僕の中のあいつ 第二部 第六章
「おまえらなぁ……」

 僕は目の前に広がる料理を見るなり頭を抱えた。と言うよりも何かを言う気力を根こそぎ奪い取られ、がっくりと肩を落とす。

「気に……入らなかった?」

 優が僕の顔色を伺いながら恐る恐る聞いて来た。そりゃ、僕だって誕生日を祝ってくれるのは嬉しいし、待っている間優達は何をしてくれるんだろうと楽しみにしていた。でも僕の考えが甘かった、こいつ等はとんでもない事をやってのけたのだ。料理はいいとして、問題はその器だ……何で美里と健太が裸になって寝っ転がっているんだ!これじゃ、まるで女体盛り……いや、少年盛りだな……こりゃ。

「気に入るも何も無いよ、なんだってこんな事したんだ……?誰にこんな変な事教わった」

 すると後ろにいた美幸が全く反省の色の無い声で答える。

「ごめん、明兄ぃ。

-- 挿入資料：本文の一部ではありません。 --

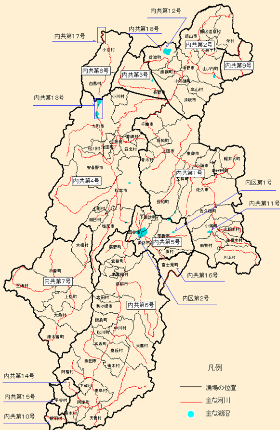
漁業権漁場の概要図
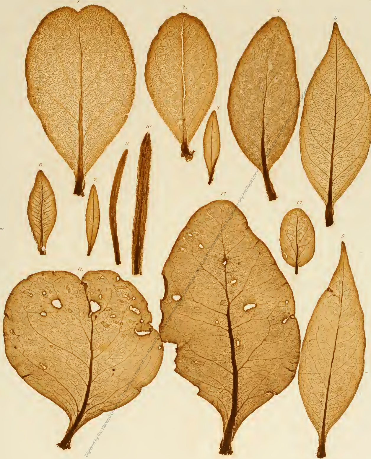
1, 2. Loranthus sp. Ind. or. 3. L. coriaceus . 4, 5. Macrosolen ampullaceus . 6—8. Nuytsia sp. Nov. Holl. 9, 10. N. floribunda . 11, 12. Psittacanthus Collum Cygni . 13. Loranthus glaucocarpus .

優ちゃんに教えたのオイラ」

「美幸ぃ〜お……ま……え……は……なんでこういう事を優に教えるんだ〜〜〜」

 僕は美幸のこめかみを拳でグリグリしながら文句を言う。

「痛、痛ぇって!明兄ぃ!文句言うなら清水のおっちゃんと相模っちに言ってよっ!」

 かなり容赦無く力を込めた為、美幸は真面目に半分涙を流しながら言い訳をして来た。

「何でそこに清水さんや相模さんが出て来るんだよ。言ってみ?」

「この間、仕事の帰りにクライアントの人が料亭に連れて行ってくれたんだよ。うまい物食えるって兄ちゃんと楽しみにしてたんだよ。そしたらさ、おっちゃんがオイラ達にいきなり帰れって言うんだ。お前達にはまだ早すぎるからってさ、せっかくご馳走を楽しみにしてたのにさ、おっちゃんは理由教えてくんないしさ。そしたら兄ちゃんが帰りに教えてくれたんだ。女の人が裸になっててその上に料理がのっかってたって。何か悔しいじゃん?オイラだって見てみたかったんだよね、そう言うの。ほんとは女の人でやってみたかったんだけど、こんな事やってくれる人知り合いにいないし、明兄ぃはこっちの方が喜ぶって優ちゃんが言うから、優ちゃんに手伝ってもらって兄ちゃんと健太に盛り付けてみたんだ。料理自体は優ちゃんが帝都ホテルのシェフに作ってもらったやつなんだ、だから美味しいよ」

「あ、あぁ、そう、そりゃ御苦労さん」

 美幸はそこ迄一気に話してしまう。普段から口数の多い子だが、まるでマシンガンの様に話すその姿に僕は怒る気も失せてしまった。しかし、清水さんも料亭に女体盛りがあるなんて思ってもみなかったんだろうなぁ……。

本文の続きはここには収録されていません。